Recent advancements: The technology is evolving fast
What’s exciting about confidential computing today is how fast it’s evolving. These secure enclaves are becoming even more potent and accessible due to recent advancements. Cloud providers are changing the game for AI and ML applications by incorporating support for GPU workloads within secure enclaves.
Here's an example: The NVIDIA H100 Tensor Core GPUs have enabled Google Cloud and Microsoft Cloud to provide highly scalable, high-performance environments in the secure enclaves. This is huge, especially for businesses doing compute-intensive operations like building large AI models.
We're also witnessing advancements in the capacity of remote attestation. With the use of this technology, the code operating within the enclave is confirmed to be unaltered. Because it ensures that only the intended task is carried out within a secure environment and that no malicious code can penetrate, it is especially important when managing sensitive data.

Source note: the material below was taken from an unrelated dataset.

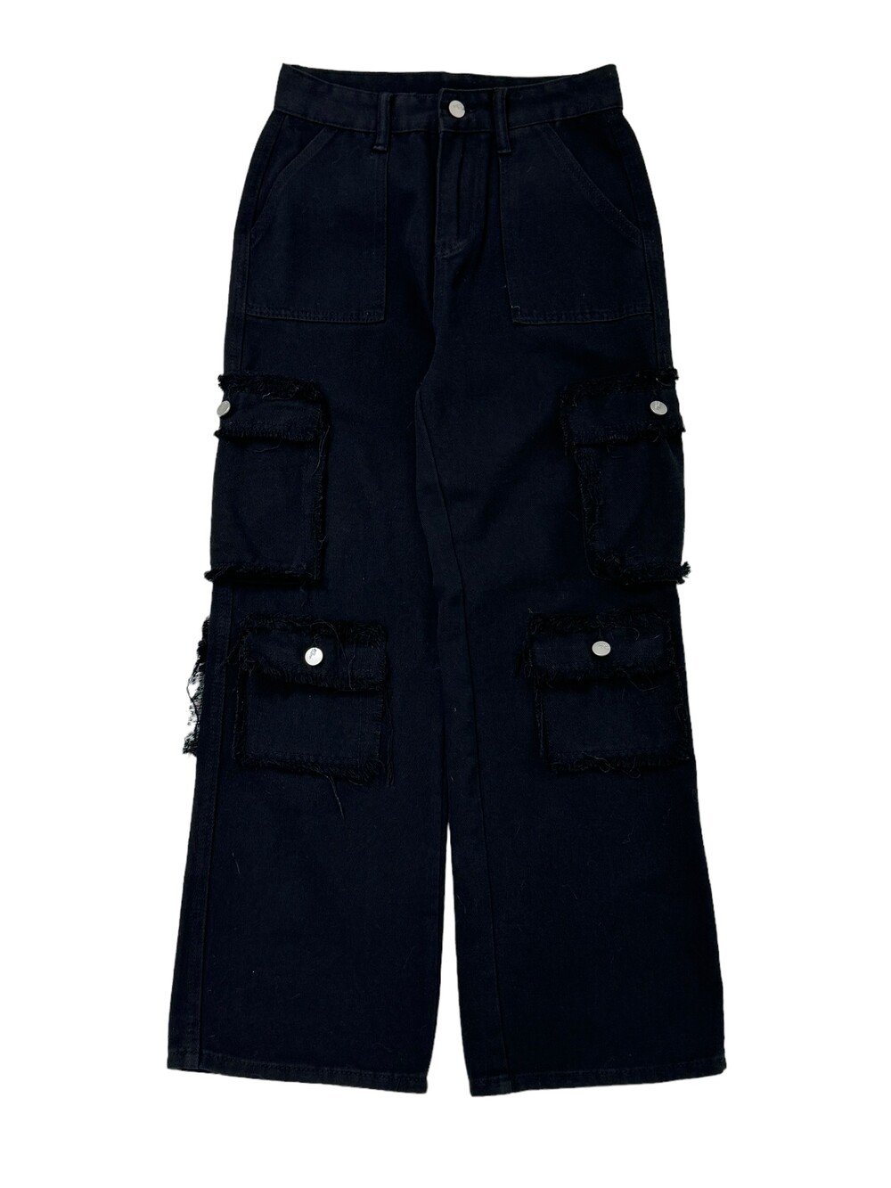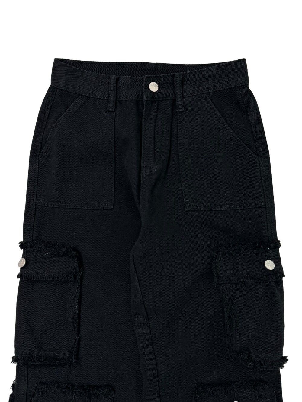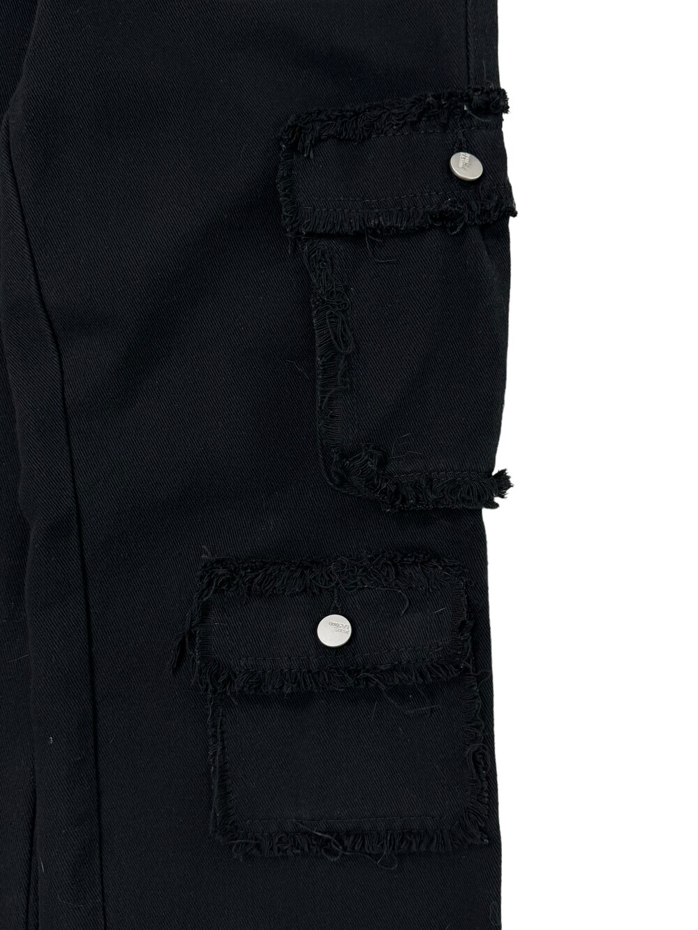 •그런지한 무드의 블랙 카고팬츠 입니다! 핏 자체는 깔끔한 편이라 너무 와이드한 느낌 보단 깔끔멋쟁이룩을 즐기시는분께 추천드리고 싶은 제품이에요ㅎㅎ
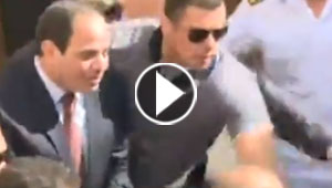 السيسي ينحني لالتقاط نظارة سقطت من رجل اثناء التصويت

Real-world applications of confidential computing
Confidential computing is more than a buzzword; it is revolutionizing industries. Here are some real-world use cases:
Healthcare: Analyzing private patient data without ever sharing it with unauthorized personnel.
Financial services: Using secure enclaves to protect real-time transaction data while running fraud detection models.
AI training: Making it possible for multiple organizations to work together on model training without disclosing private information.
In all these cases, the data remains encrypted during the computation process, providing organizations full confidence that sensitive information stays protected.
Challenges and considerations
Of course, there are challenges, just like with any new technology.
- One typical concern is the performance overhead associated with operating workloads in secure enclaves. Even while these overheads are gradually decreasing as technology advances, some applications may still need to account for them, particularly when efficiency and speed are crucial.
- Another challenge we’ve faced is the compatibility of legacy systems with confidential computing infrastructure. Integrating confidential computing into existing architectures often requires custom development, and that’s something teams need to be prepared for.
What's next for confidential computing?
Looking ahead, it's exciting to see wider adoption of confidential computing in cloud-native environments. With AI and machine learning becoming integral parts of business operations, the necessity to protect data-in-use will only grow.
As cloud providers keep incorporating technologies related to private computing, we could see even more creative applications and secure-by-default environments across industries. Also, innovations like confidential containers and secure orchestration tools such as Kubernetes Confidential Pods are pushing this tech into mainstream adoption.
Ready or not, confidential computing is here to stay
Confidential computing is eventually paving the way for a more secure cloud future. It is no longer optional to ensure that your data is protected during computation, whether you work in AI, finance, education, healthcare, or any other data-sensitive sector.
It's time to begin exploring confidential computing if you aren't already. As cloud providers continue to improve, we can expect this technology to become an essential component of any business’s security strategy.